Kelso was still on the floor.

No notebook - no proof- no story-'

He dived for the satchel and scooped it in one hand, got the fingertips of his other up on to the door handle, and was attempting to rise when he felt O'Brian grab his legs and try to drag him back. The handle tipped, the door slid open and he flopped out on to the carpeted corridor, kicking backwards frantically with his heels at O'Brian's head. He felt a satisfying contact of hard rubber on flesh and bone. There was a howl of pain. The boot came off and he left it behind like a lizard losing the tip of its tail. He limped away down the corridor on his stockinged foot.

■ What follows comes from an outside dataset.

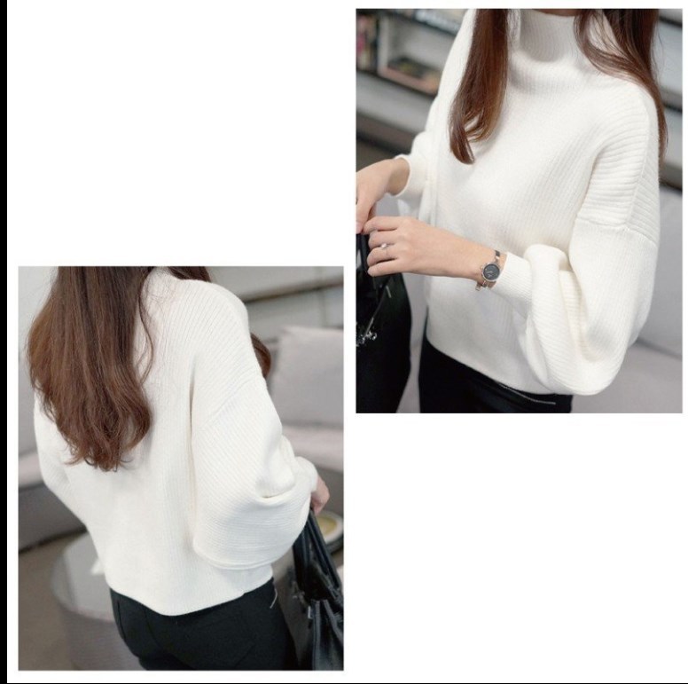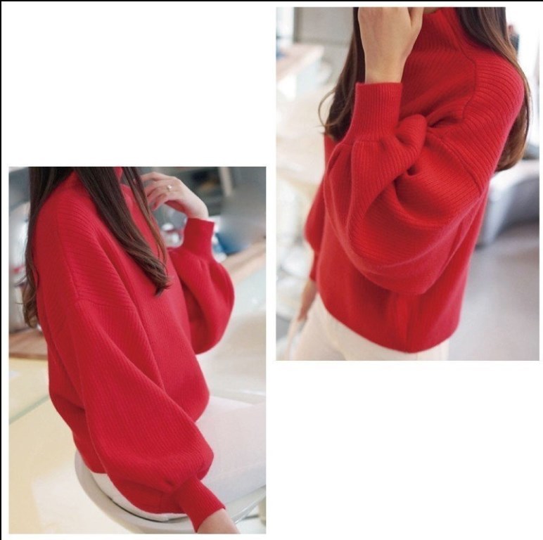 ボトルネック ドルマンバルーン袖 ゆるいニットセーター♪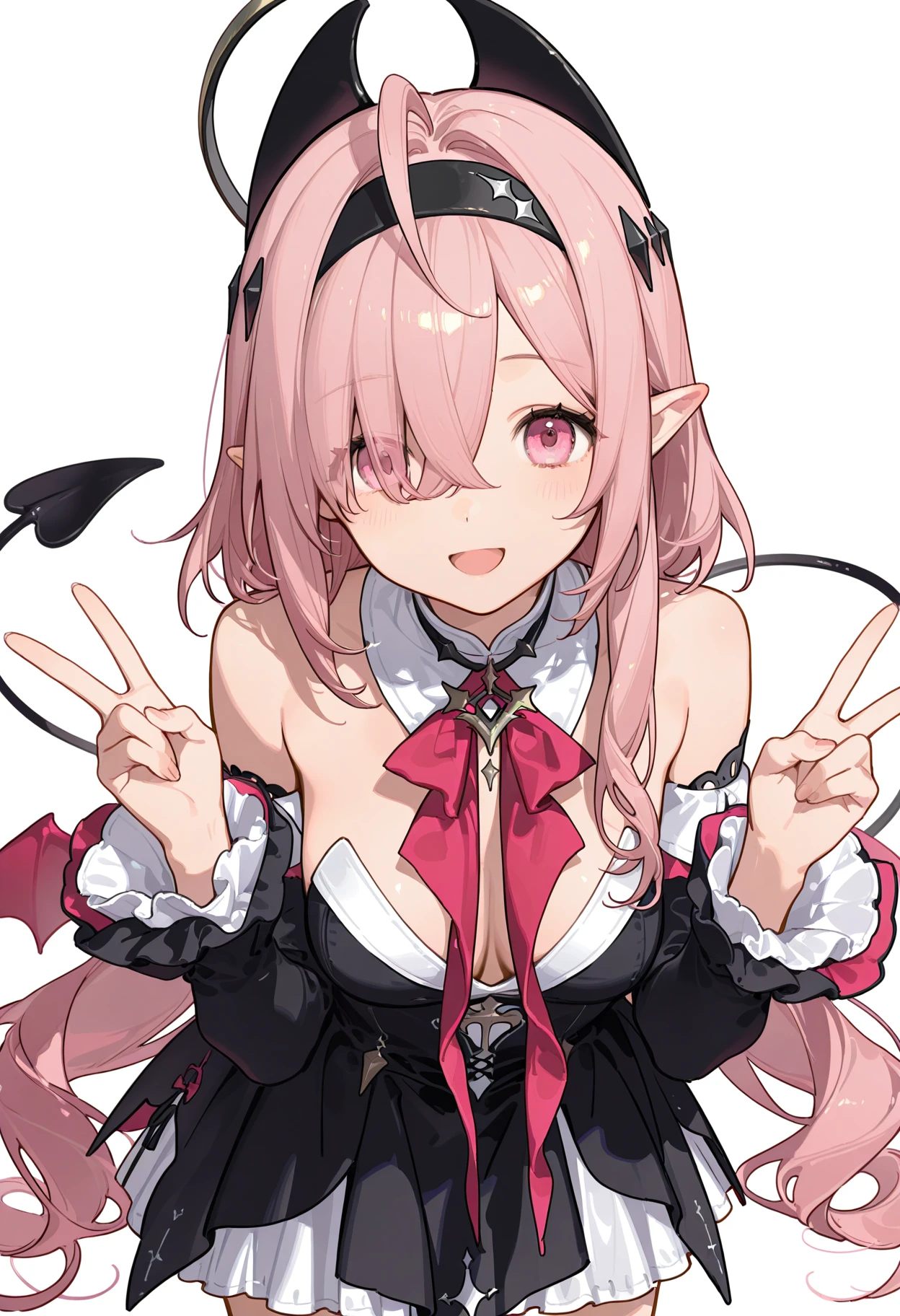 skuld (aether gazer), 1girl, solo, ahoge, frilled sleeves, frills, hair ornament, shoulders, very long hair, detached sleeves, pointy ears, black dress, black hairband, long sleeves, light pink hair, pink eyes, black sleeves, (hair over one eye:1.1), detached collar, , demon tailPS:怎么游戏里一直在吃保底啊,没招了...

The narrow passage was clogged with anxious 'soft' class passengers - 'Did you hear?' 'Is it true?'- and it was impossible to make quick progress. O'Brian was coming after him. He could hear his shouts. At the end of the carriage the window of the door was open and he briefly considered hurling the satchel out on to the tracks. But the train hadn't cleared Vologda, was travelling much too slowly - the notebook was bound to land intact, he thought: was certain to be found -'Fluke!'

He ran into the next carriage and realised too late that he was heading back towards 'hard' again, which was a mistake because 'hard' was where Mamantov and his thugs had boarded - and here, indeed was one of Mamantov's men, hastening down the corridor towards him, pushing people out of his way.

Kelso grabbed the door handle nearest him. It was locked. But the second handle turned and he almost fell into the empty compartment, locking the door after him. Inside it was shaded, the curtains closed, the berths unmade, a stale smell of cold, male sweat - whoever had occupied it must have got off at Vologda. He tried to open the window but it was stuck. The Aurora man was battering at the door, shouting at him to open up. The handle rattled furiously. Kelso unfastened the satchel and tipped out the contents and had his lighter in his hand as the lock gave way.


THE blinds of Zinaida Rapava's apartment were drawn. The lights were off. The television screen flickered in the corner of her tiny flat like a cold blue hearth.

There had been a plainclothes guard outside on the landing all night - Bunin to start with, and then a different man - and a militia car parked ostentatiously opposite the entrance to the apartment block. It was Bunin who had told her to keep the blinds closed and not to go out. She didn't like Bunin and she could tell he didn't like her. When she asked him how long she would have to stay like this, he had shrugged. Was she a prisoner, then? He had shrugged again.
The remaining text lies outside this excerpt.